- _Input for this task_:
::::
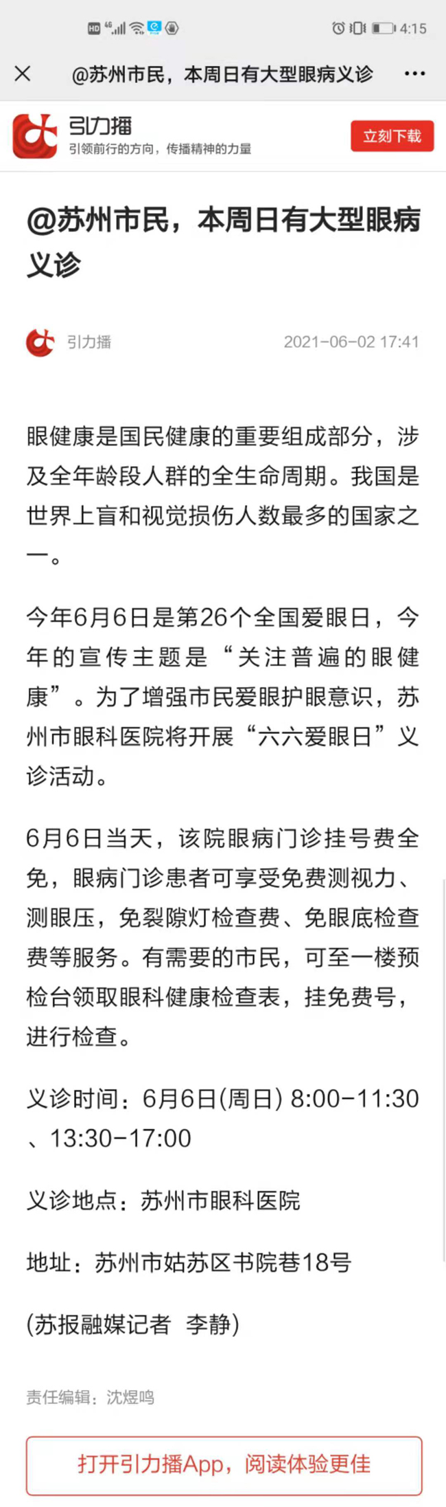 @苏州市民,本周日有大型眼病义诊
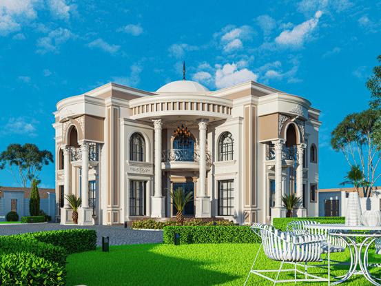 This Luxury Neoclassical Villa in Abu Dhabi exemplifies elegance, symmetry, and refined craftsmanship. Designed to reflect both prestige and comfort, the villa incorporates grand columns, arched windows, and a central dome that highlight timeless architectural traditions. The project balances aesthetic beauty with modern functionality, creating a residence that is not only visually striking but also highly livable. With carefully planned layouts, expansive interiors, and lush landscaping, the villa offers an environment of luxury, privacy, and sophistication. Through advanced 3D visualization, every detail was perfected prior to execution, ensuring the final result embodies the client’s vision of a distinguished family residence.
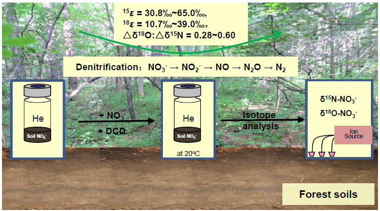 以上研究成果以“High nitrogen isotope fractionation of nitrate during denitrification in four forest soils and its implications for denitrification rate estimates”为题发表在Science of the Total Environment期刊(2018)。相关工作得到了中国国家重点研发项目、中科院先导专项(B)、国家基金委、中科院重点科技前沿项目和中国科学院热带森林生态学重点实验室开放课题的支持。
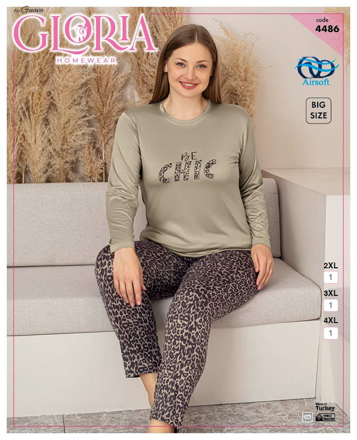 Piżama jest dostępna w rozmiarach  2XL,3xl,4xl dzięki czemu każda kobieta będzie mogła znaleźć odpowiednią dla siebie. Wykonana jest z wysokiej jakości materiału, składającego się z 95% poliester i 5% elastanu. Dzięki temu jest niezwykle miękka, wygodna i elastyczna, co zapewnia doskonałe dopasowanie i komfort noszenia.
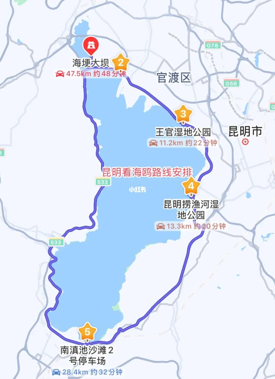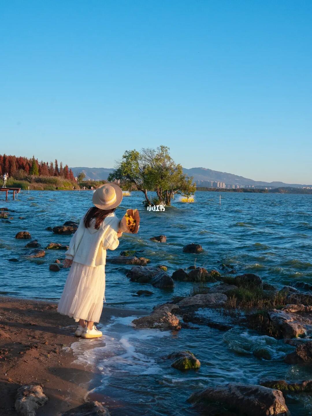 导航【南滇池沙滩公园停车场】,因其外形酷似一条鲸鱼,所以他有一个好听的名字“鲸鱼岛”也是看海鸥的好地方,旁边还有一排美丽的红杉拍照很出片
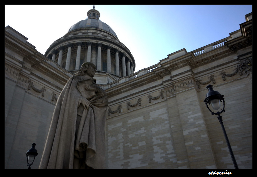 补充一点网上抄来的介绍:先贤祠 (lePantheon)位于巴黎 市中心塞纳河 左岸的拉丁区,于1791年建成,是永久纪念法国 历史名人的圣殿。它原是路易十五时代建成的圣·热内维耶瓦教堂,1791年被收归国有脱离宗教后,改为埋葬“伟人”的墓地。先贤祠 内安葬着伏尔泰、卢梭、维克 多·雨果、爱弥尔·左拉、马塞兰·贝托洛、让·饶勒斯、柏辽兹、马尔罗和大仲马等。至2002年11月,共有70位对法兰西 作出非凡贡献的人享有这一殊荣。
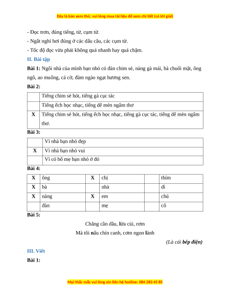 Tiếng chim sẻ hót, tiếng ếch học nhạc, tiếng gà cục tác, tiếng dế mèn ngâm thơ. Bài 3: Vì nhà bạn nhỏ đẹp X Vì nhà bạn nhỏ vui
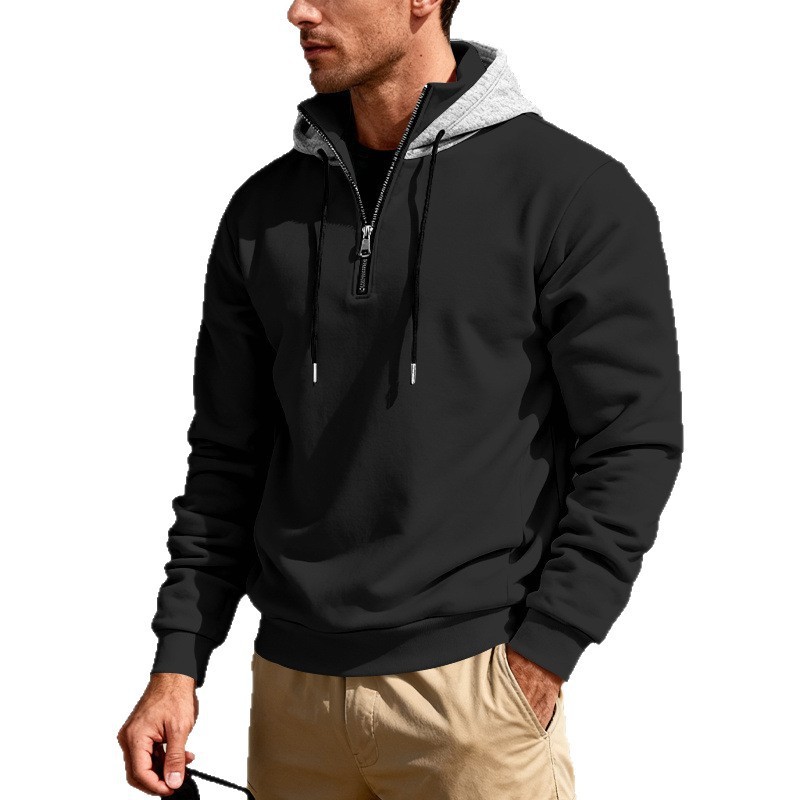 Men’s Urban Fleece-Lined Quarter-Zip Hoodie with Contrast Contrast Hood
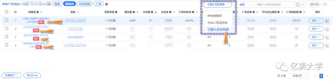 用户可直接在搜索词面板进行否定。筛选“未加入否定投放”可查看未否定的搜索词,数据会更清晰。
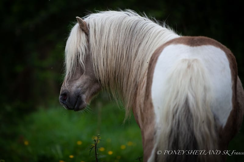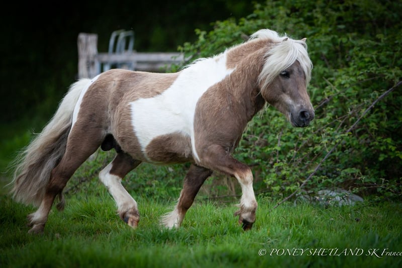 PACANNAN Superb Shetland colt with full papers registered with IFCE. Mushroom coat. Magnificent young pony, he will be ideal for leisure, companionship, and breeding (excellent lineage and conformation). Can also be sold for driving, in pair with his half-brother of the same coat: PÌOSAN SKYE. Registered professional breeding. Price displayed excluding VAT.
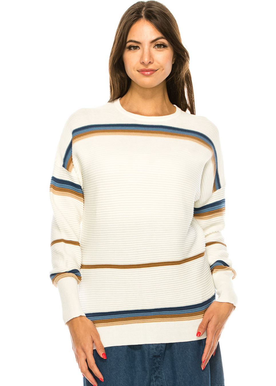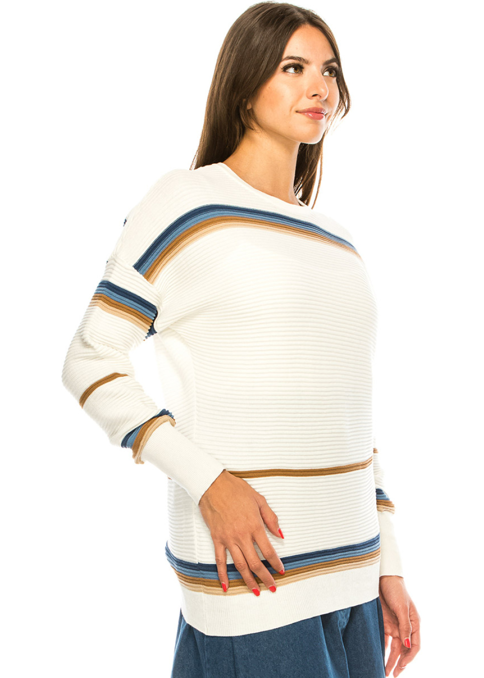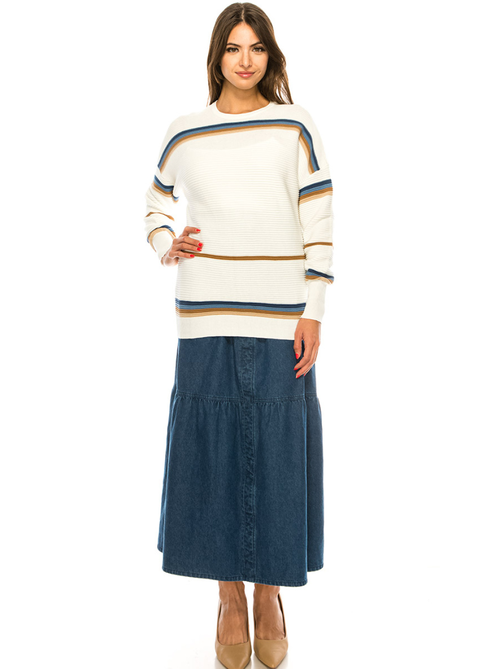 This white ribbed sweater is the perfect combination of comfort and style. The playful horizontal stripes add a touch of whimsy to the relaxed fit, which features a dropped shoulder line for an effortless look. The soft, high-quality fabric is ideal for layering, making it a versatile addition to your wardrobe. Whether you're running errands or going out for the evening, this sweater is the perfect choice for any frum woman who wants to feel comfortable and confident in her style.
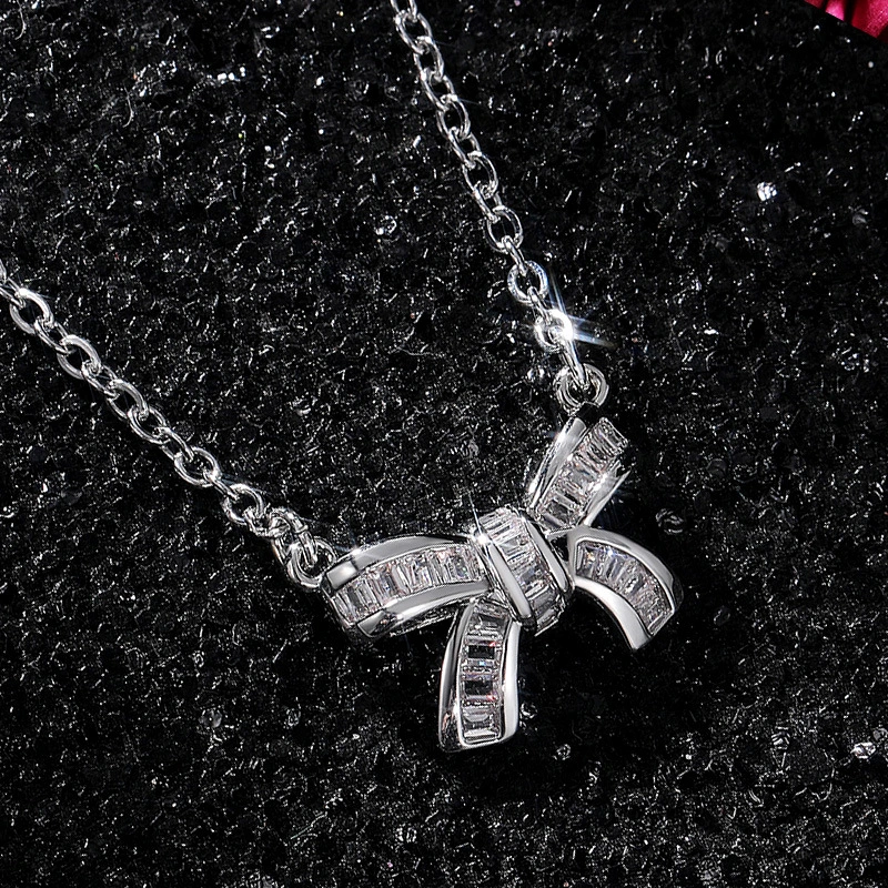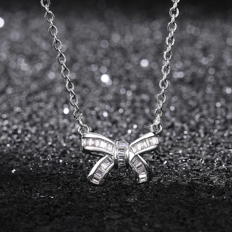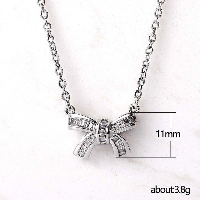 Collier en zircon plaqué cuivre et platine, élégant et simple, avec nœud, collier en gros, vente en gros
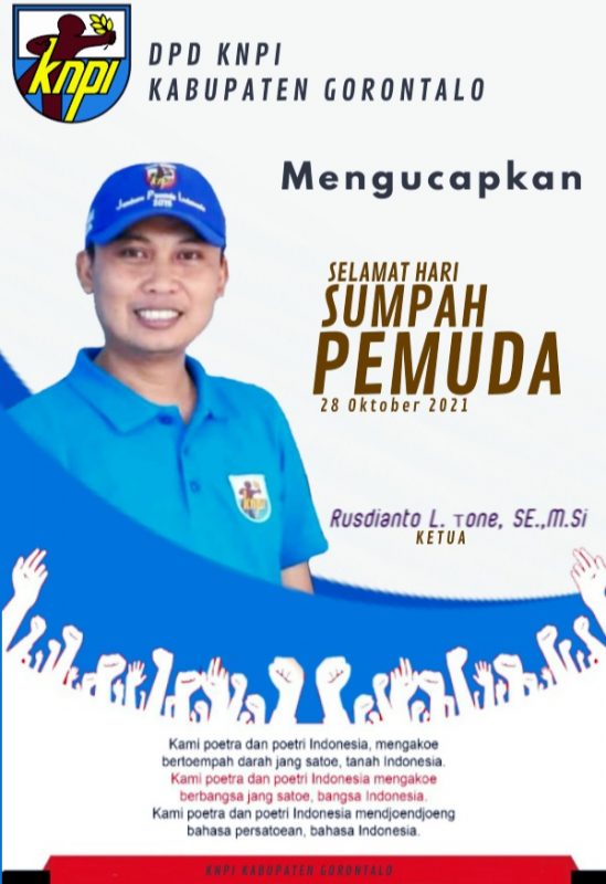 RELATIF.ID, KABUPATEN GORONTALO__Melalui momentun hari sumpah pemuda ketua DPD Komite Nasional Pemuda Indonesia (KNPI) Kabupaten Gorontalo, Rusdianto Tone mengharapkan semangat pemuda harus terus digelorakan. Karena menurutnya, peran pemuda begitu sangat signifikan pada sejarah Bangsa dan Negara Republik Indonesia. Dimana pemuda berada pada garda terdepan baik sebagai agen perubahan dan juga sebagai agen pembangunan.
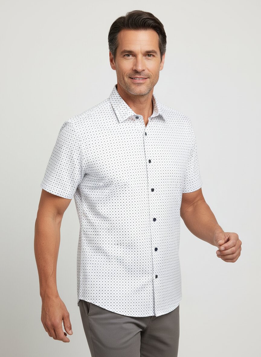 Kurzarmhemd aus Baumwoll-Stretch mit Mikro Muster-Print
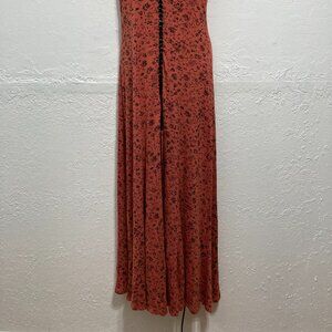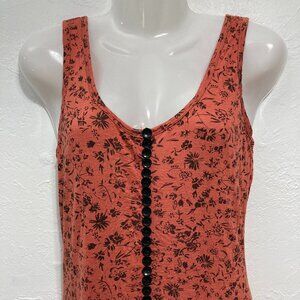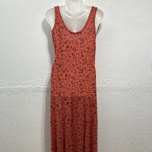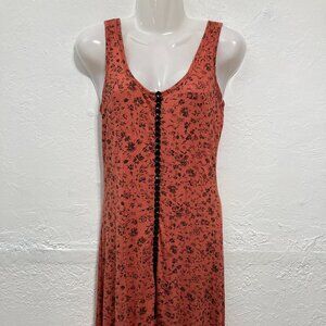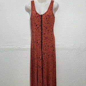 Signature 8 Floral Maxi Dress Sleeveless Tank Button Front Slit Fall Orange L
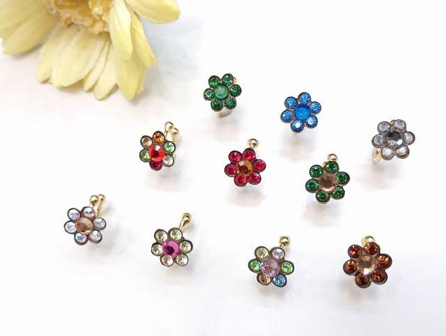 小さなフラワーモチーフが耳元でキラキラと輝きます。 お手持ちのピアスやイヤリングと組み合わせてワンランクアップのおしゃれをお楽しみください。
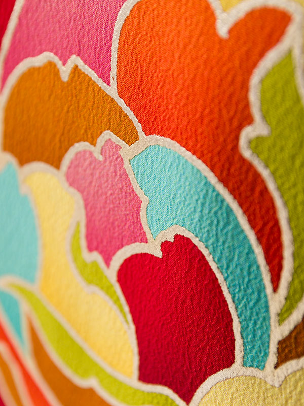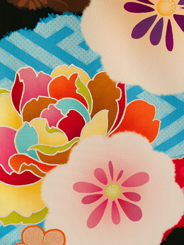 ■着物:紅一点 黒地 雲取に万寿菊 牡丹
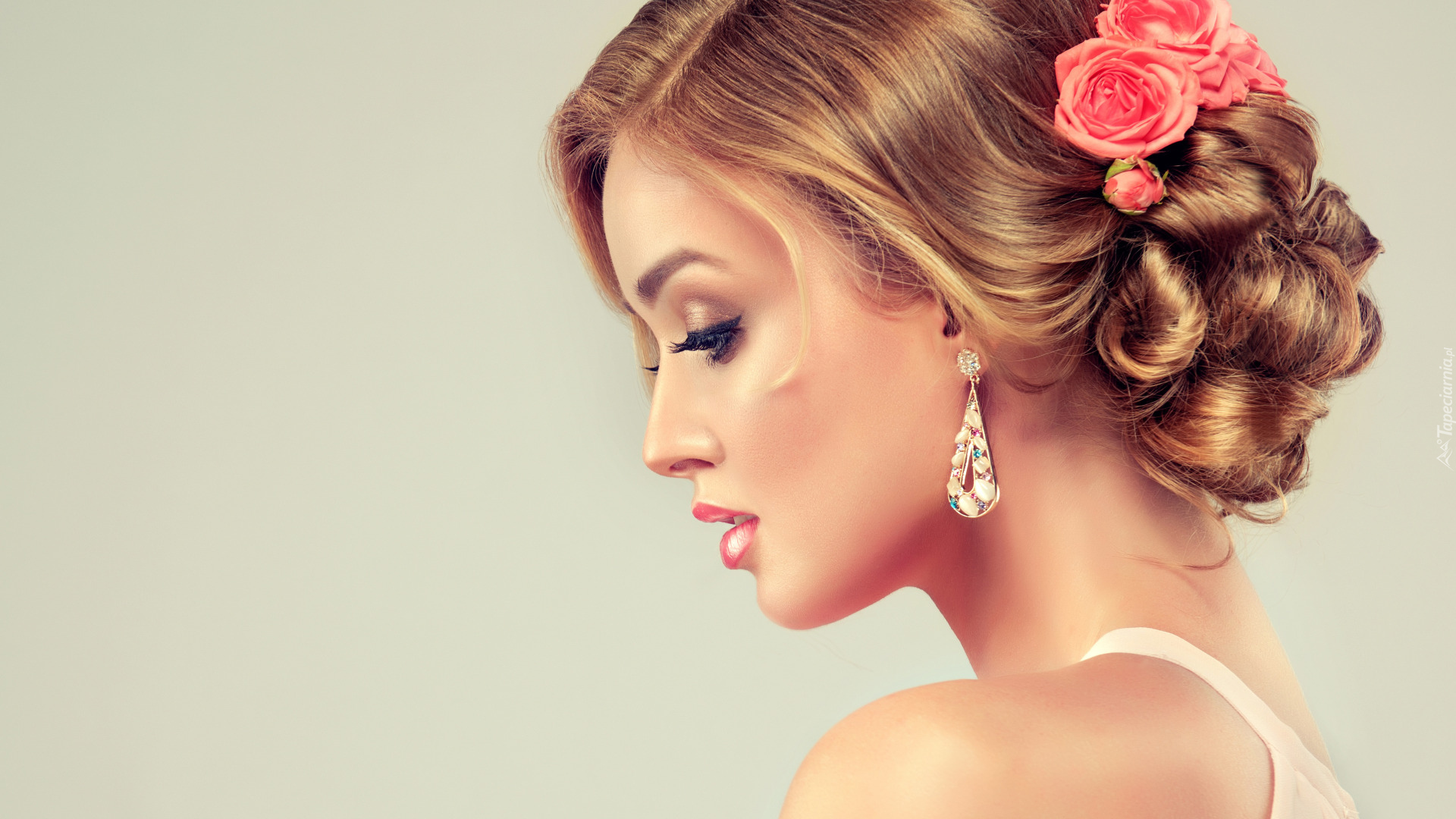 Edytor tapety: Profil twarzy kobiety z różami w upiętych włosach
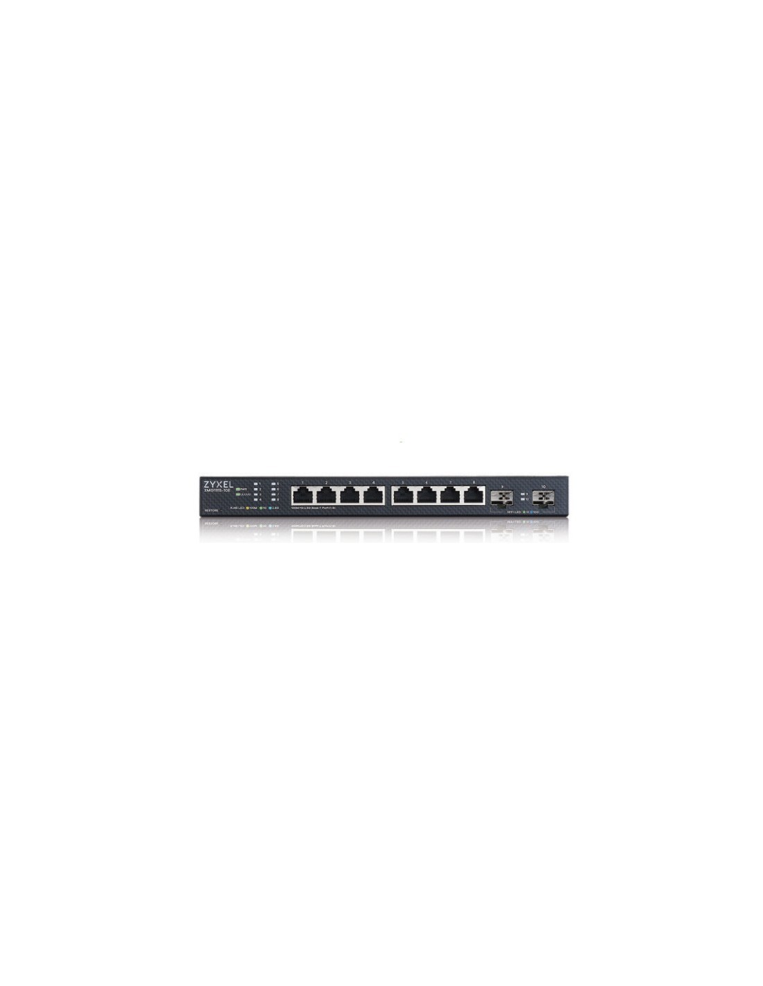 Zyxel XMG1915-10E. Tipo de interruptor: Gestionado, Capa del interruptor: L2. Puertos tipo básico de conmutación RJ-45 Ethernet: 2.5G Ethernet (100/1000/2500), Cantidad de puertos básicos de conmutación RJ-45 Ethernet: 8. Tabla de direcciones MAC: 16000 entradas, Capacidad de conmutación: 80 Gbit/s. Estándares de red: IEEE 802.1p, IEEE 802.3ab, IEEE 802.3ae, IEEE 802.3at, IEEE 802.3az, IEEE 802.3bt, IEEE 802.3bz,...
::::
Restate the data word for word and exclude every picture.

 @苏州市民,本周日有大型眼病义诊
 This Luxury Neoclassical Villa in Abu Dhabi exemplifies elegance, symmetry, and refined craftsmanship. Designed to reflect both prestige and comfort, the villa incorporates grand columns, arched windows, and a central dome that highlight timeless architectural traditions. The project balances aesthetic beauty with modern functionality, creating a residence that is not only visually striking but also highly livable. With carefully planned layouts, expansive interiors, and lush landscaping, the villa offers an environment of luxury, privacy, and sophistication. Through advanced 3D visualization, every detail was perfected prior to execution, ensuring the final result embodies the client’s vision of a distinguished family residence.
 以上研究成果以“High nitrogen isotope fractionation of nitrate during denitrification in four forest soils and its implications for denitrification rate estimates”为题发表在Science of the Total Environment期刊(2018)。相关工作得到了中国国家重点研发项目、中科院先导专项(B)、国家基金委、中科院重点科技前沿项目和中国科学院热带森林生态学重点实验室开放课题的支持。
 Piżama jest dostępna w rozmiarach  2XL,3xl,4xl dzięki czemu każda kobieta będzie mogła znaleźć odpowiednią dla siebie. Wykonana jest z wysokiej jakości materiału, składającego się z 95% poliester i 5% elastanu. Dzięki temu jest niezwykle miękka, wygodna i elastyczna, co zapewnia doskonałe dopasowanie i komfort noszenia.
 导航【南滇池沙滩公园停车场】,因其外形酷似一条鲸鱼,所以他有一个好听的名字“鲸鱼岛”也是看海鸥的好地方,旁边还有一排美丽的红杉拍照很出片
 补充一点网上抄来的介绍:先贤祠 (lePantheon)位于巴黎 市中心塞纳河 左岸的拉丁区,于1791年建成,是永久纪念法国 历史名人的圣殿。它原是路易十五时代建成的圣·热内维耶瓦教堂,1791年被收归国有脱离宗教后,改为埋葬“伟人”的墓地。先贤祠 内安葬着伏尔泰、卢梭、维克 多·雨果、爱弥尔·左拉、马塞兰·贝托洛、让·饶勒斯、柏辽兹、马尔罗和大仲马等。至2002年11月,共有70位对法兰西 作出非凡贡献的人享有这一殊荣。
 Tiếng chim sẻ hót, tiếng ếch học nhạc, tiếng gà cục tác, tiếng dế mèn ngâm thơ. Bài 3: Vì nhà bạn nhỏ đẹp X Vì nhà bạn nhỏ vui
 Men’s Urban Fleece-Lined Quarter-Zip Hoodie with Contrast Contrast Hood
 用户可直接在搜索词面板进行否定。筛选“未加入否定投放”可查看未否定的搜索词,数据会更清晰。
 PACANNAN Superb Shetland colt with full papers registered with IFCE. Mushroom coat. Magnificent young pony, he will be ideal for leisure, companionship, and breeding (excellent lineage and conformation). Can also be sold for driving, in pair with his half-brother of the same coat: PÌOSAN SKYE. Registered professional breeding. Price displayed excluding VAT.
 This white ribbed sweater is the perfect combination of comfort and style. The playful horizontal stripes add a touch of whimsy to the relaxed fit, which features a dropped shoulder line for an effortless look. The soft, high-quality fabric is ideal for layering, making it a versatile addition to your wardrobe. Whether you're running errands or going out for the evening, this sweater is the perfect choice for any frum woman who wants to feel comfortable and confident in her style.
 Collier en zircon plaqué cuivre et platine, élégant et simple, avec nœud, collier en gros, vente en gros
 RELATIF.ID, KABUPATEN GORONTALO__Melalui momentun hari sumpah pemuda ketua DPD Komite Nasional Pemuda Indonesia (KNPI) Kabupaten Gorontalo, Rusdianto Tone mengharapkan semangat pemuda harus terus digelorakan. Karena menurutnya, peran pemuda begitu sangat signifikan pada sejarah Bangsa dan Negara Republik Indonesia. Dimana pemuda berada pada garda terdepan baik sebagai agen perubahan dan juga sebagai agen pembangunan.
 Kurzarmhemd aus Baumwoll-Stretch mit Mikro Muster-Print
 Signature 8 Floral Maxi Dress Sleeveless Tank Button Front Slit Fall Orange L
 小さなフラワーモチーフが耳元でキラキラと輝きます。 お手持ちのピアスやイヤリングと組み合わせてワンランクアップのおしゃれをお楽しみください。
 ■着物:紅一点 黒地 雲取に万寿菊 牡丹
 Edytor tapety: Profil twarzy kobiety z różami w upiętych włosach
 Zyxel XMG1915-10E. Tipo de interruptor: Gestionado, Capa del interruptor: L2. Puertos tipo básico de conmutación RJ-45 Ethernet: 2.5G Ethernet (100/1000/2500), Cantidad de puertos básicos de conmutación RJ-45 Ethernet: 8. Tabla de direcciones MAC: 16000 entradas, Capacidad de conmutación: 80 Gbit/s. Estándares de red: IEEE 802.1p, IEEE 802.3ab, IEEE 802.3ae, IEEE 802.3at, IEEE 802.3az, IEEE 802.3bt, IEEE 802.3bz,...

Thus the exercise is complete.